店门就在转角,小宋一面趁着这点时间继续纠结着,一面掏出钥匙准备开门。他一直低着头,准备插钥匙的时候才发现似乎有什么不对,抬起头来一看,9点15的时间,店门口却围了好几个流里流气的非主流青年,这些人吊儿郎当地站在他眼前,手插在裤子口袋里面,发出嘿嘿怪笑。
小宋对这种场面倒不陌生,四下打量一圈,发现人并不多,当场强迫自己镇定下来,微笑着说:“几位大哥,我们这里归牙哥管。”
一个像是小头头的黄头发青年用手指把叼在嘴里的烟夹出来,扔在地上,一脚踩灭:“哪条道也不是,路过,借点钱。”他嘴上说着路过,说话的语气却压根就是本地口音,小宋隐隐觉得不妙,想想“牙哥”这群人没听说过,那么更大一点的“龙哥”总要听说过了吧?于是陪着笑说:“大哥,我们这个月的钱交过了,您要是还不满意,和牙哥说说?牙哥和龙哥是亲兄弟,有什么事都好商量。”
黄头发的青年怪笑了一下,做了个手势。他后面的一个人就伸手推了小宋一把。小宋刚站稳脚跟,边上一个人又把他往前一推,接着几个人来来回回的像打桌球一样把他推来推去,推得小宋都快吐了才停手,小宋哭丧着脸求饶:“大哥,这店不归我管,有什么事,等我们店长来了再说成吗?”

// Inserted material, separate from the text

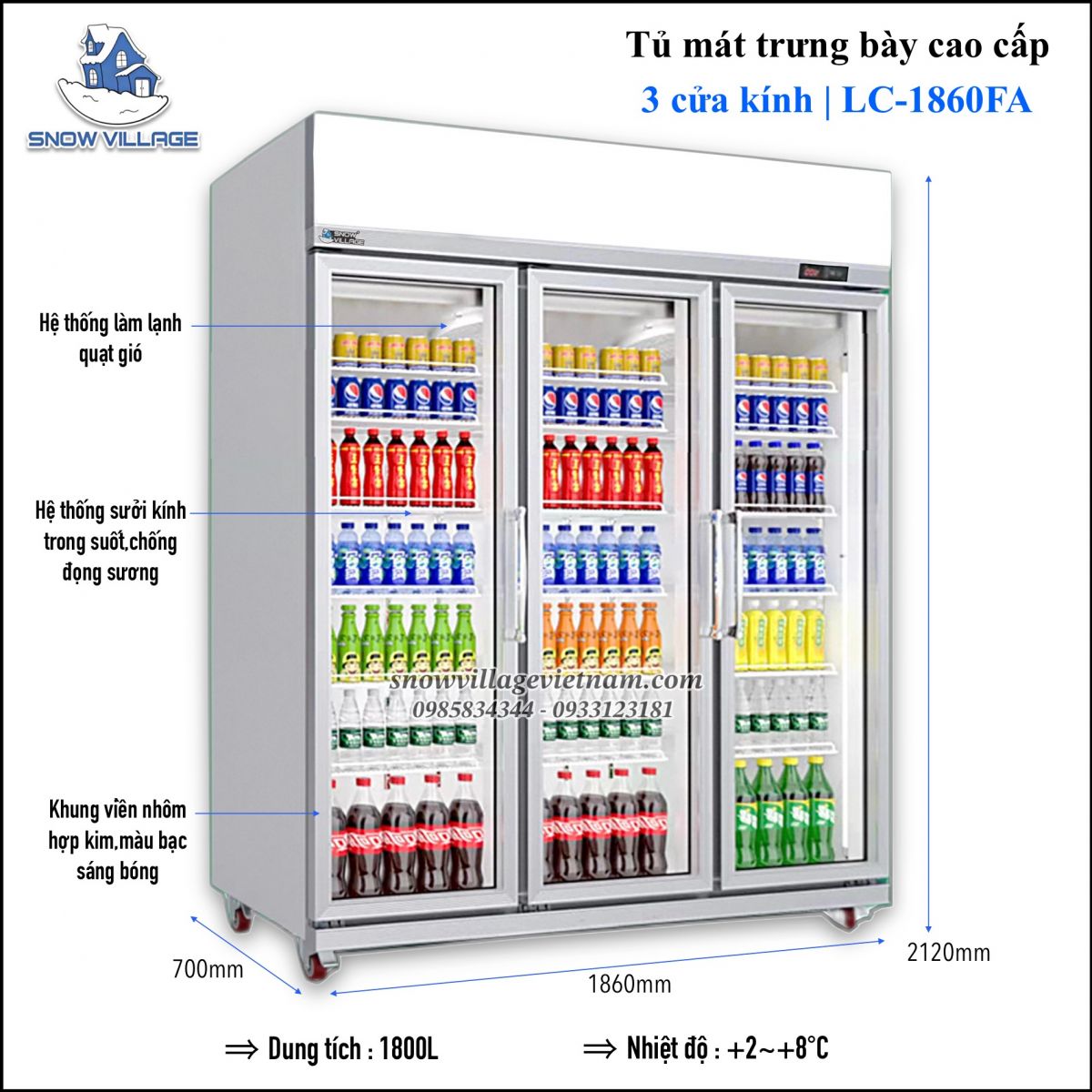 Tủ mát 3 cửa kính cao cấp LC-1860FA

他一说店长,那几个青年就又笑起来,好像他们的生活里除了笑就没有别的表情了,小宋忐忑不安地看着他们笑,要陪着笑,又笑不出来,不陪着笑,看着这群人傻笑又觉得头皮发麻。
这帮人笑了一会,黄头发青年又从口袋里掏出一包烟,立刻有人凑到跟前给他点烟。黄头发青年深吸一口气,吐出一个烟圈,对着小宋点了点下巴:“给你们店长打电话。”
小宋光速掏出电话,拨了独孤桀骜的号码。
第一次、第二次独孤桀骜都没有接。小宋满头是汗,又拨了一遍,好在这次独孤桀骜接通了,声音很沉重,一听就知道心情非常不好:“你最好有事。”
小宋想起独孤桀骜平时的样子,嘴巴张了半天,不敢开口。
电话那头的独孤桀骜嗓音更低了:“给你十秒钟,再不说事今天你就给我跑一整天吧。十,我挂了。”
“别!”小宋一紧张,差点把电话抛出去,他赶紧两手紧握手机,用一种类似鞠躬的姿态站立,惊慌之下,口不择言:“店长,有人来砸场子!”
黄头发青年似笑非笑地看着小宋,走近一步,又吐了一口烟圈。小宋死的心都有了,眼见话已出口,只好咽了咽口水,横下心,大着胆子把手机捧到黄头发青年眼前:“大哥,您…有话不如亲自跟我们店长说?”
黄头发青年哼了一声,傲慢地招招手,帮他点烟的那个人赶紧从小宋手里接过手机,递到他耳边,他特地再吐了一口烟,伸出手剔了下指甲,才慢悠悠地把耳朵凑过去,用自以为非常有气势其实跟电视里反派太监说话语气差不多的语调问:“你就是独孤桀骜?”
手机那头没有任何声音传来。
黄头发青年以为独孤桀骜被吓傻了,轻轻一笑,自顾自地继续说:“有人看你不顺眼,要出钱收拾你呢。”
手机里依旧没有任何声音,连呼吸声都没有。
黄头发青年疑惑地转头,看见小宋的手机锁着屏,上面什么显示都没有。换句话说,电话根本就没接通。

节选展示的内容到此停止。